I was born and grew up in a family that could, at best, be described as a middle-income one in Vietnam. None of my family members went to university because of the wars and the economic difficulty that ensued. For a time, there was nothing I wanted more than going abroad at all cost without wrecking my family’s finance. Luck pitied me and gave me a chance to go to Finland. I landed in the Nordic country in February 2010. Whatever the joy of walking in a foreign land soon was extinguished by the cold at the peak winter in Finland. Or so I thought. Weeks passed by and I realized it wasn’t as much fun as I thought. It didn’t fill me up.
When I was ignorant and young around the teenage age, I set a goal of becoming a marketing manager for a company by the time I was 30 years old. I couldn’t remember what triggered the dream, but it was what I set out to do for a while. 3 years after I came back to Vietnam from abroad, I did it by merit and myself. The problem is what I felt after I did it.

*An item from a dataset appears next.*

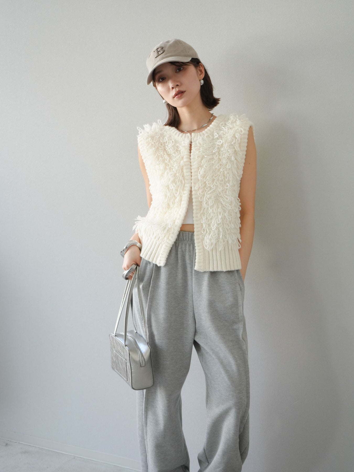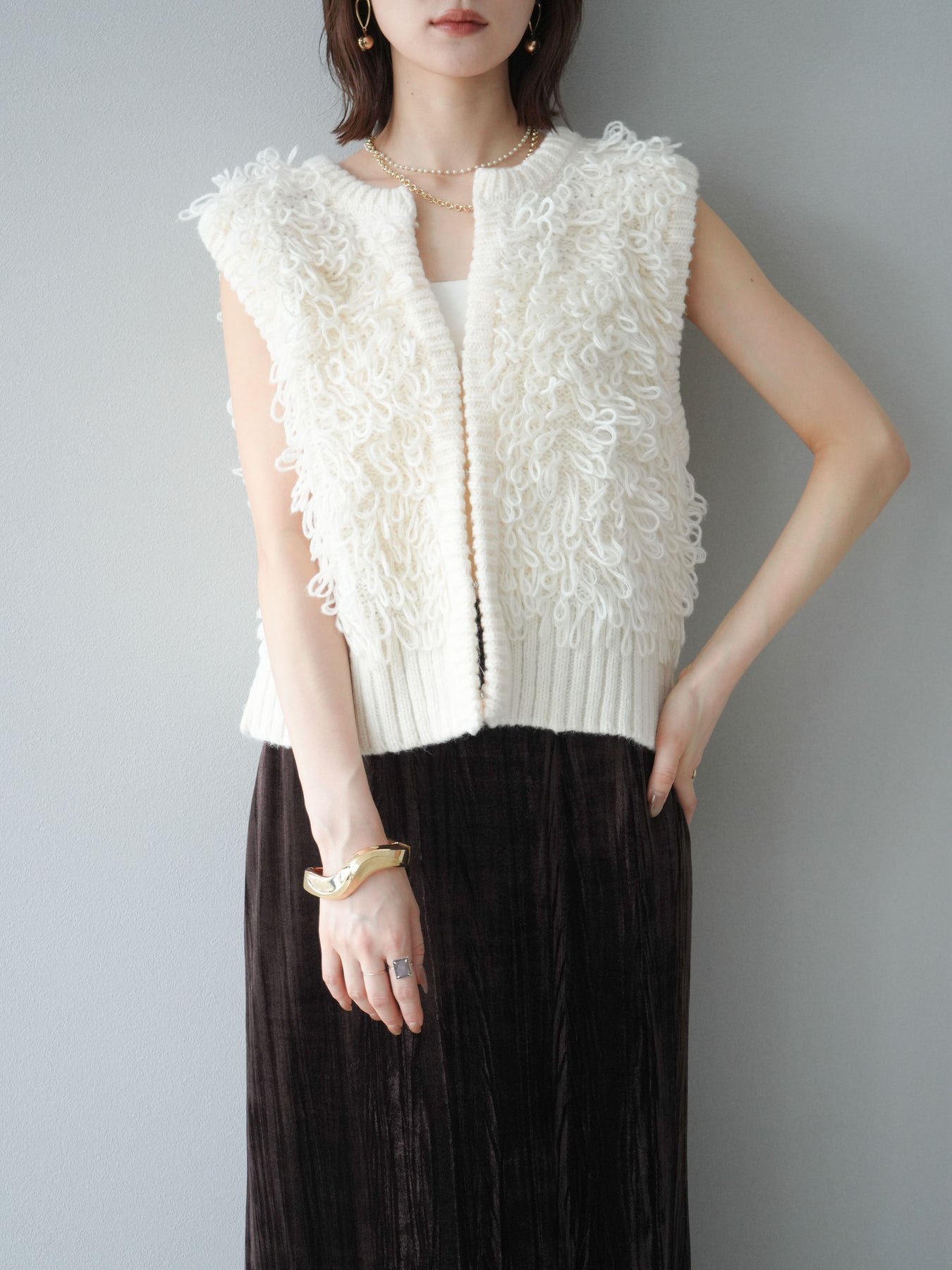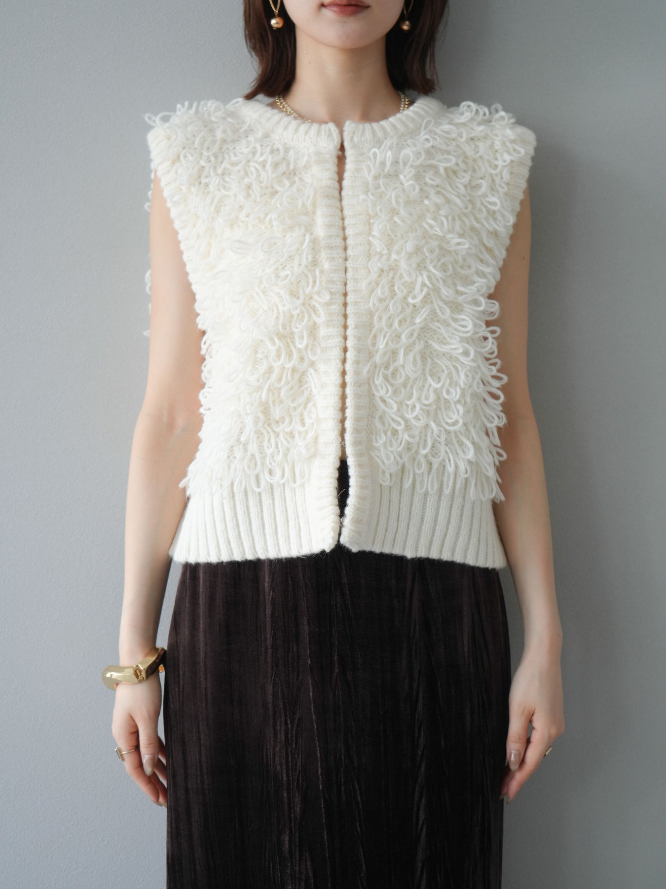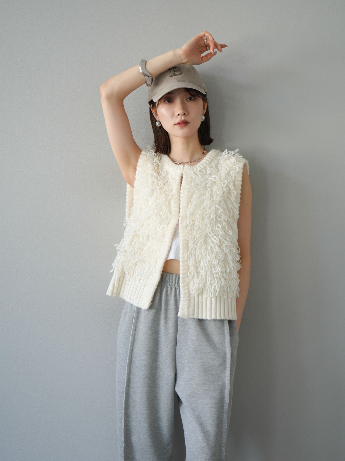 立体感のあるループ編みが印象的なニットベスト。フロントはホック留めで軽やかに羽織れる仕様になっており、カットソーやシャツとのレイヤードで表情豊かなスタイリングが楽しめます。存在感がありながらも合わせやすく、シーズンを通して活躍するアイテムです。 ※ボトムス、キャミソール(インナー)以外の商品は一律でインナーは付属していません。

I remember vividly the first night after work as the Marketing Manager for a real estate corporation in Vietnam. I didn’t feel as much as I thought I would. I just felt tired and a bit empty. I didn’t feel ecstatic as I thought I would. It didn’t fill me up.
It took me quite a while after that to realize that whatever physical or materialistic goals I ever had never filled me up. The title, the money and what could be bought with it never filled me up. The best I felt was to learn new things every day either by reading, listening to videos online or talking to folks, and to spend time with the people who genuinely loved me and I genuinely loved back.
I am glad that at the age of 28, I realized that. I wouldn’t want at the age of 60, being an old man realizing that for years I have been chasing something that doesn’t make me happy. And at 80, there is not much I could do anymore. What a waste of life, isn’t it?
I know personally a few people who genuinely feel good with earning money and what it brings. I don’t think it inherently is bad or wrong. It is just not what makes me happy. If you are reading and feel the same, there is no shame in feeling it. It’s normal in my opinion.